Of course his animosity switched to the newcomer; but as he essayed a grapple the driving fist caught him quite neatly on the northeast corner of his jaw. He sat down, the goggle stare in his eyes suggesting that he contemplated a trip to dreamland.
The little woman now darted forward, crying in a voice whose gladsomeness swam in tears: "Bulldog Carney! You always man—you beaut!" She would have twined her arms about Bulldog, but the placid gray eyes, so full of quiet aloofness, checked her.
But the man's voice was soft and gentle as he said: "The same Bulldog, Molly, girl. Glad I happened along."
He turned to the quarrelsome one who had staggered to his feet: "You ride away before I get cross; you smell like the corpse of a dead booze-fighter!"
The man addressed looked into the gray eyes switched on his own for inspection; then he turned, mounted the black, and throwing over his shoulder, "I'll get you for this, Mister Butter-in!" rode away.
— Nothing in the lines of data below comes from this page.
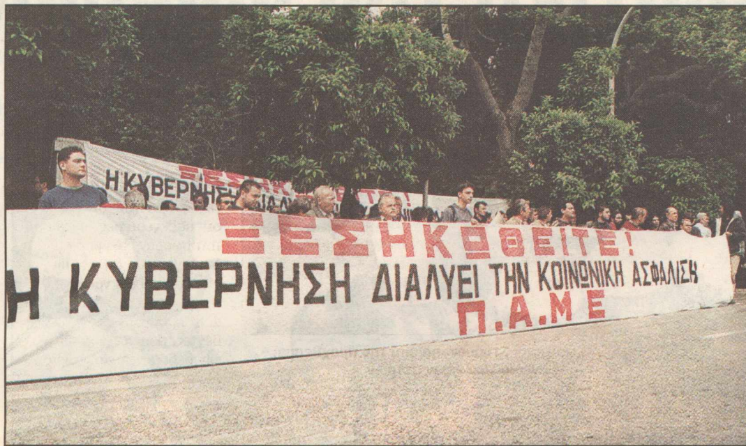
Τα κυβερνητικά σχέδια κινητοποιούν αλλά και αναγκάζουν τις παρατάξεις σε ουσιαστικές συγκλίσεις
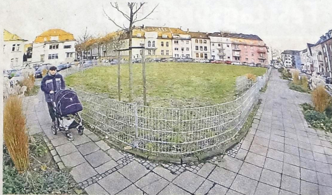
Der Von-Beckerath-Platz soll im nächsten Frühjahr dank der Unterstützung der Bürger wieder blühen.

Im Frühjahr 2014 wurde mit dem Von-Beckerath-Platz der erste derart begrünte Platz in der Innenstadt geschaffen. Er soll das Leben dort lebenswerter gestalten und einen Bereich für Insekten und Vögel bieten. Der eingezäunte Platz wird also wieder richtig schön. Die Bank lädt zum Verweilen ein. Und das ist noch nicht alles: Die Von-Beckerath-Straße bekommt neue Bäume.
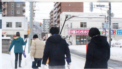
当日は晴天に恵まれ、大成功に終わりました

The other party to the rough-and-tumble, winded, had erected his five feet of length, and with a palm pressed against his chest was emiting between wheezy coughs picturesque words of ecomium upon Bulldog, not without derogatory reflections upon the man who had ridden away.
In the midst of this vocal cocktail he broke off suddenly to exclaim in astonishment:
"Holy Gawd!"
Then he scuttled past Carney, slipped a finger through the ring of the buckskin's snaffle and peered into the horse's face as if he had found a long-lost friend.
Perhaps the buckskin remembered him too, for he pressed a velvet, mouse-colored muzzle against the lad's cheek and whispered something.